Without knowing anything about the restaurant we chose Cafe Diablo for dinner. The imaginative menu was a surprise but the real surprises came with the extraordinary artistic presentations and inspired culinary creations. Attentive and friendly service added to the enjoyment. We learned that Cafe Diablo has an international reputation and following. Who would have guessed you could  find something like this in a town with a population of 182 in the middle of Utah? Surprise!

 

 

A day of pleasant surprises!

 

Fantastic Formations

 

Today was a continual slideshow of fantastic formations – arches, buttes, canyons, bluffs, spires – the list goes on and on. The eyes and mind almost go on overload there’s so much more than one can imagine.

 

After a bit of shopping for supplies and a UV protection shirt we make Arches National Park our first stop to capture pictures of east facing formations. We’ve spent two evening photographing at sunset but some sites are much better morning shots. A stop at the visitor center also seems in order. Displays relate both the geological and human history of the Arches area. Attractive, roomy and well organized, the book store offers a wide variety of titles.

 

The Island in the Sky section of Canyonlands National Park was our next destination. Utah 313 traverses 25 miles of high desert from US191 north of Moab to the park boundaries. Near the entrance  we’re surprised to see a new visitor center since our last visit when the ranger facilities were in a trailer. We take advantage of a shaded picnic table for a bit of lunch.

 

From Island in the Sky we look down onto the White Rim and deeper into the rugged canyons of the Green and Colorado Rivers, ribbons of the rivers sometimes visible as they loop through the almost other-worldly geography.

 

Short walks and photograph fill the afternoon until we both determine the sun and heat has zapped our energies.
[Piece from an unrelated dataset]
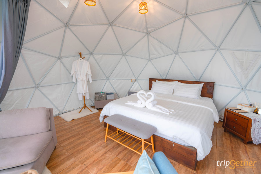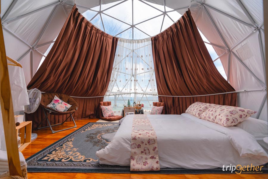 • Price: เดือนมิถุนายน – กันยายน ราคาเต็นท์โดม 5 เมตร 3,900 บาท/คืน, ราคาเต็นท์โดม 4 เมตร 2,900 บาท/คืน
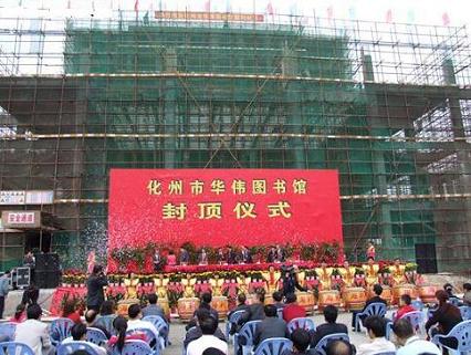 中新网2月9日电 据化州市外侨局消息,2月8日上午,广东省化州市委、市政府隆重举行侨捐项目华伟图书馆封顶仪式。该市四套班子领导成员和各区(街道)党委书记、市行政中心办公大楼正科级单位的主职领导和深圳市华讯伟业投资有限公司代表等100多人参加仪式。仪式由化州市委常委、宣传部部长周玉瑞主持。

We miss a visit to Mesa Arch and to Dead Horse Point State Park, from earlier visits we know they are worthy of our attention but the effort isn’t there today.

 

 

Dinner at Moab Brewery – We split a garden salad, a Jack Daniel Burger with slaw, Smoked Sausage Grill (Italian, brat and cajun spice) with sauerkraut, garlic red potatoes, sautéed fresh veggies served with their Brewery Stout Mustard. Bob skipped a beer in favor of their Moab brewed root beer. On the way out the door the case of house-made gelato was too tempting to pass up – I highly recommend the caramel candy bar, the best gelato I’ve ever tasted. A soothing end to a fantastic day!

 

Vance Johnson’s Outlaw Ribbs

Parachute, Colorado

If you cheered for the Denver Broncos twenty years ago you remember the most flamboyant of the Three Amigos – Vance Johnson.  Wide receiver Johnson played from 1985-1995. A few years ago a friend told us about a good barbecue restaurant on Colorado’s Western Slope in the small town of Parachute. Since the friend was a Kansas City native we figured he had a credible recommendation. Since then we’ve stopped several times for lunch at VJ’s Outlaw Ribbs.

 

I don’t think we would have ever paid attention to the unassuming building right along Interstate 70 but now we know to turn off at Exit 75. VJ’s opens for breakfast, lunch and dinner. Today’s breakfast special was a jumbo smoked sausage, 2 eggs, home fries and toast. Besides the typical breakfast fare selections include Toby’s Burrito, a Denver Omelet, grits and bone-in ham slice.

 

The lunch special was pure southern – catfish platter with blackened peas, rice, collard greens and cornbread. I note most of the locals were indulging in the special. I bypass the catfish for a shredded smoked pork sandwich with their basic barbecue sauce and a side of beans. Bob opted for the pulled pork on bun – Southern style (hot and spicy) topped with coleslaw. There is also a tangy barbecue sauce.

 

If you’re with a group order “The Trough” which VJ’s promises to feed four or more. There’s baby back ribs, St. Louis ribs, smoked sausage, pork, brisket, whole chicken, 6 sides and garlic toast. Pull up a chair and dig in.

 

Fresh cut prime rib is on this weekend’s special board plus live 70s music on the patio. Every time we’ve stopped at VJ’s locals greatly outnumber the tourists. There seems to be a loyal following of gas and oil field workers, ranchers with their brand on their license plate and those just shooting’ the breeze. I’m happy we didn’t just breeze on by.